Since 1997, the number of medical students going into primary care, which includes general, family and internal medicine, has dropped by more than half, according to the American Academy of Family Physicians. And 75 percent of emergency department medical directors report inadequate on-call coverage, according to the American Academy of Emergency Physicians.

"The utilization rates of the baby boomers ... is going to increase, which is going to require more doctors and more capacity in hospitals," Gorski said.

Lauren Dvorscak, a third-year medical student at Indiana University School of Medicine-Northwest, said she was surprised to see that some doctors treat about 30 patients each day.

"It was overwhelming from my standpoint as a student learning," Dvorscak, 25, of Highland, said. "There's definitely a doctor shortage."

But there's also a benefit. Dvorscak said these large numbers of patients give medical students such as her great opportunities to do a variety of clinical work.

Because of the doctor shortage, which is expected to worsen, the Association of American Medical Colleges has called for medical schools to increase enrollment 30 percent by 2015. Most schools, including Indiana University, are accepting more medical students each year and are expanding programs.

The U.S. Department of Health and Human Services reports the number of physicians nationally has increased since 1980 and is expected to continue increasing through 2020, according to Dr. Holly J. Humphrey, University of Chicago professor and dean for medical education. She said the school has decreased class size while keeping the same amount of scholarship money available to help students offset their debt.

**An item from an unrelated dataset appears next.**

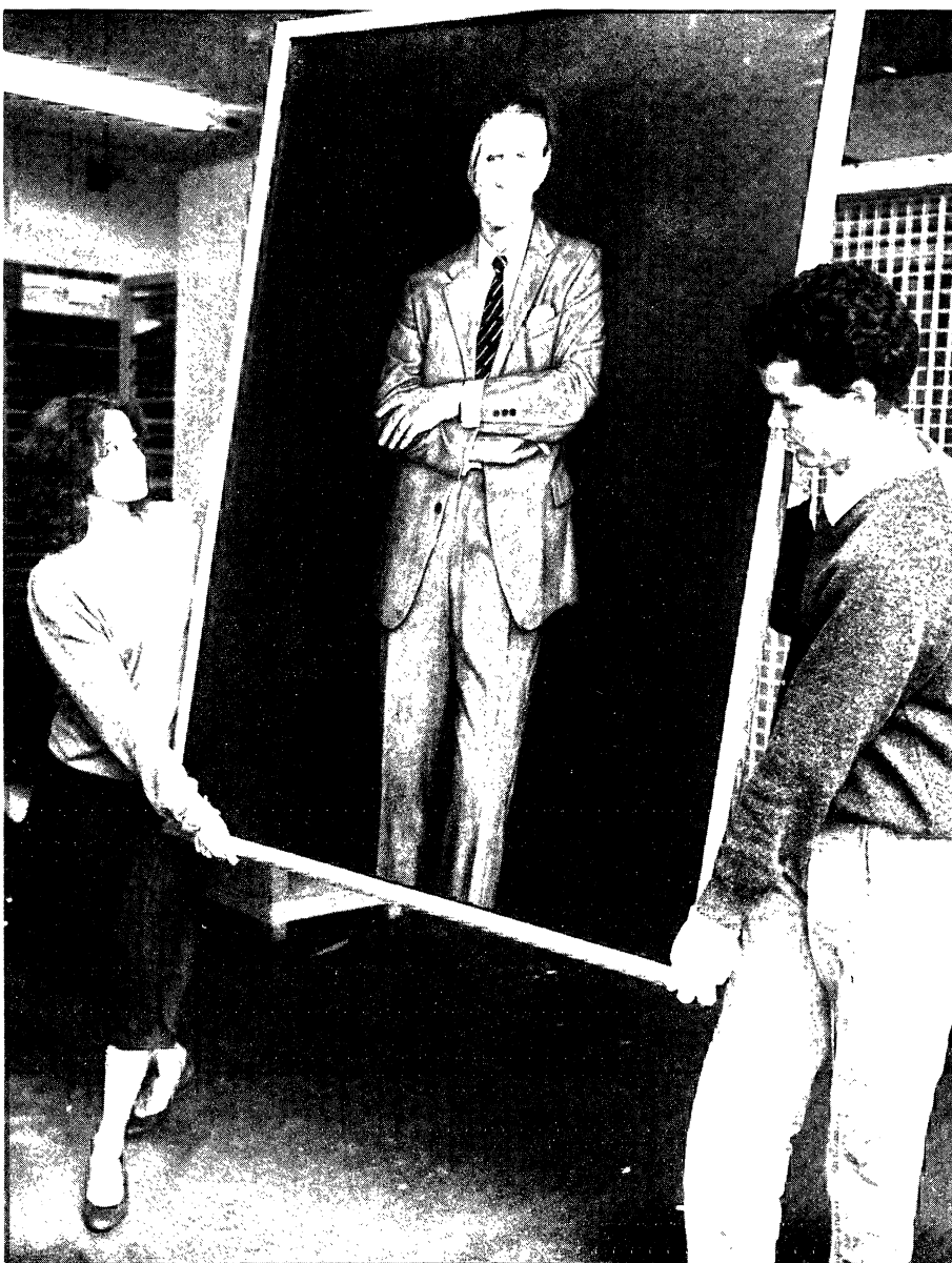
National Gallery staff members produce the portrait of former Prime Minister Malcolm Fraser, following a Freedom of Information request by The Canberra Times .

"It's an important change that will hopefully encourage more students to pursue medicine who are frightened by that debt burden," Humphrey said.

Students like Dvorscak can pay as much as $200,000 for medical school. Residency programs on average pay about $45,000 a year to residents, Van Roo said, making it hard for doctors to pay back loans while completing their multiyear programs.

Dr. Alex Stemer, president and CEO of Medical Specialist Centers of Northwest Indiana, said doctors are getting paid less now than in the past because of low Medicare and Medicaid reimbursement rates that do not cover the cost of providing care. Stemer said this lower pay makes it harder for new doctors to pay off loans.

"You enter practice as a doctor with typically a quarter of million (dollars) in debt," Stemer said. The Association of American Medical Colleges estimates most students left medical school last year with more than $150,000 in debt, an increase of 11 percent from the previous year.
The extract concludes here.